> Activity:
Print only the lines from the one with "The teachers also" through the end of the data, exactly, and please omit pictures.

> Supplied records:
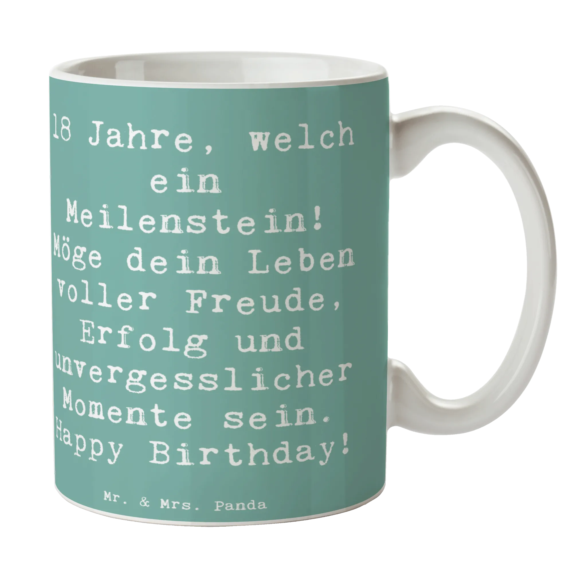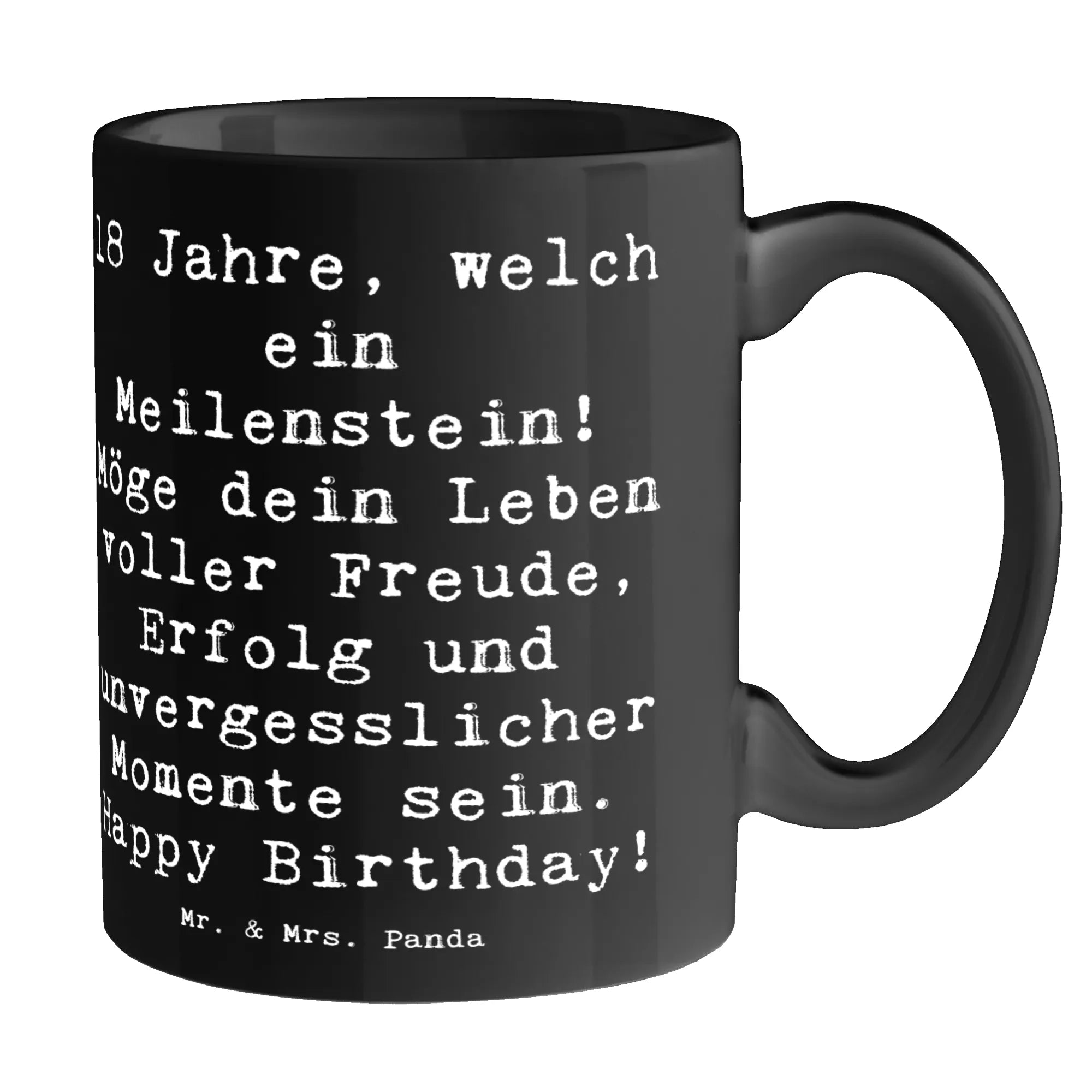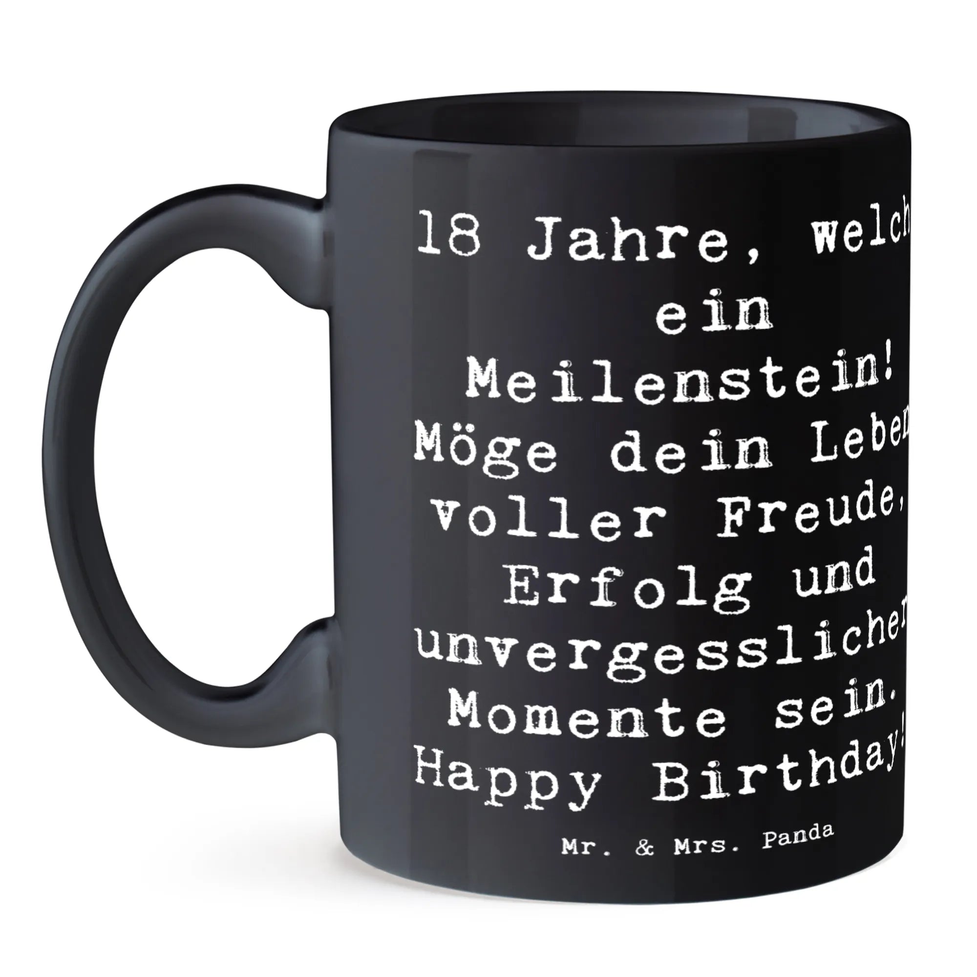 Mug Saying 18 Jahre, welch ein Meilenstein! Möge dein Leben voller Freude, Erfolg und unvergesslicher Momente sein. Happy Birthday! - Black
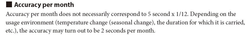 Cervantes верно описал. Точность HAQ часов обычно "плавает". Здесь нет линейной зависимости, как в обычном кварце. Ситизены могут за месяц до 2-х секунд по паспорту отстать, а затем нагнать (если честно, вот это приличная такая ложка дегтя к 5 секундному в год интервалу). Это смущает, потому что хочется иметь идеальное время на руках, а не +- пару секунд в месяц.
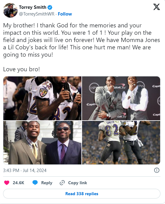 Ravens Hall of Fame linebacker Ray Lewis included multiple pictures of his departed comrade with his X post. He referred to Jacoby as his brother and said that he would be missed, just like Torrey was.
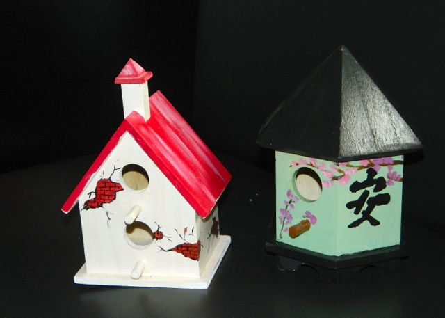 The teachers also made birdhouses: The Elvis birdhouse, The Japanese and brick-looking birdhouse, and the blue painted birdhouse with a red cardinal on it were made by teachers."
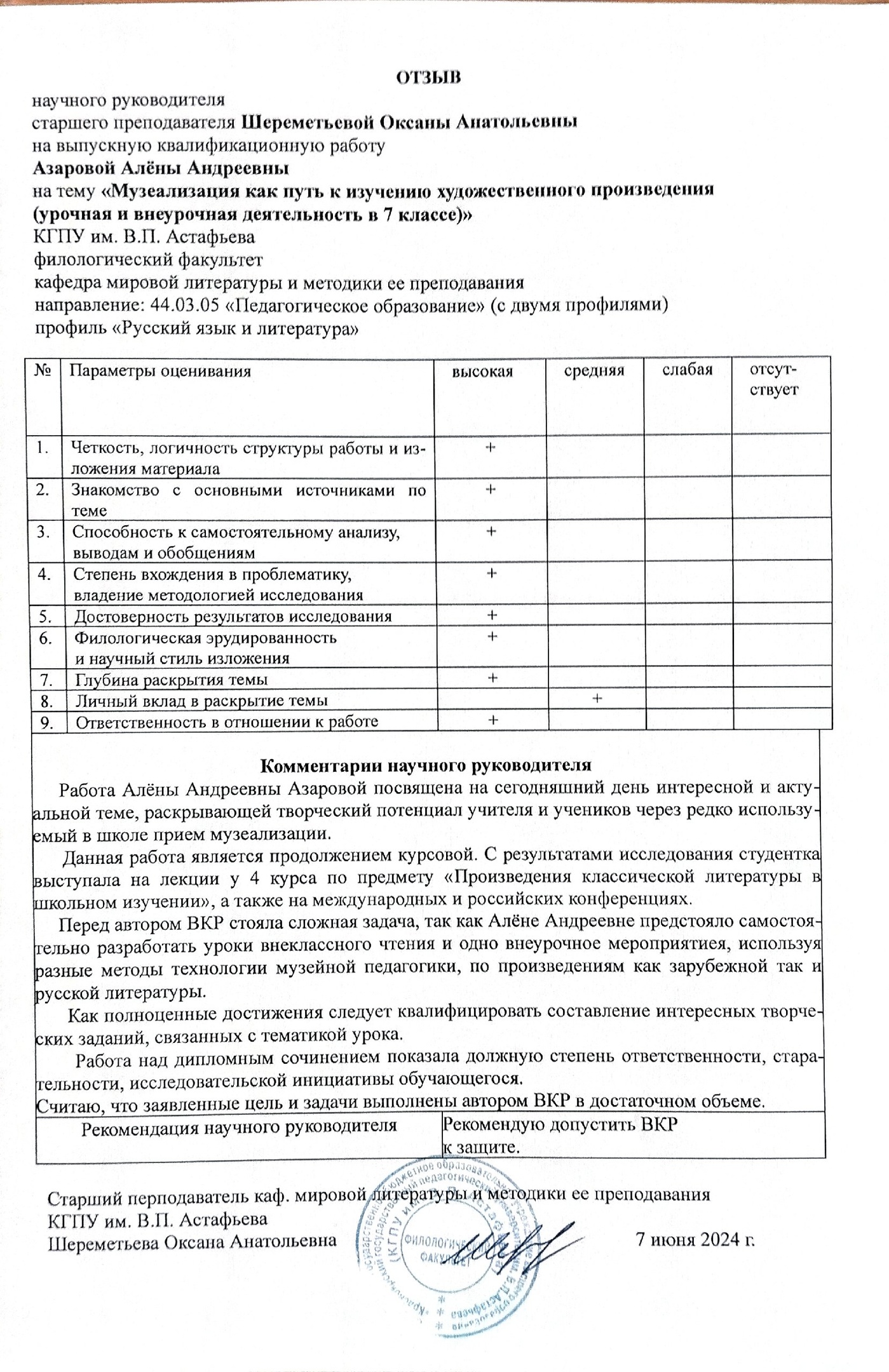 "Музеализация как путь к изучению художественного произведения (урочная и внеурочная деятельность в 7 классе)"

> Solution below:
 The teachers also made birdhouses: The Elvis birdhouse, The Japanese and brick-looking birdhouse, and the blue painted birdhouse with a red cardinal on it were made by teachers."
 "Музеализация как путь к изучению художественного произведения (урочная и внеурочная деятельность в 7 классе)"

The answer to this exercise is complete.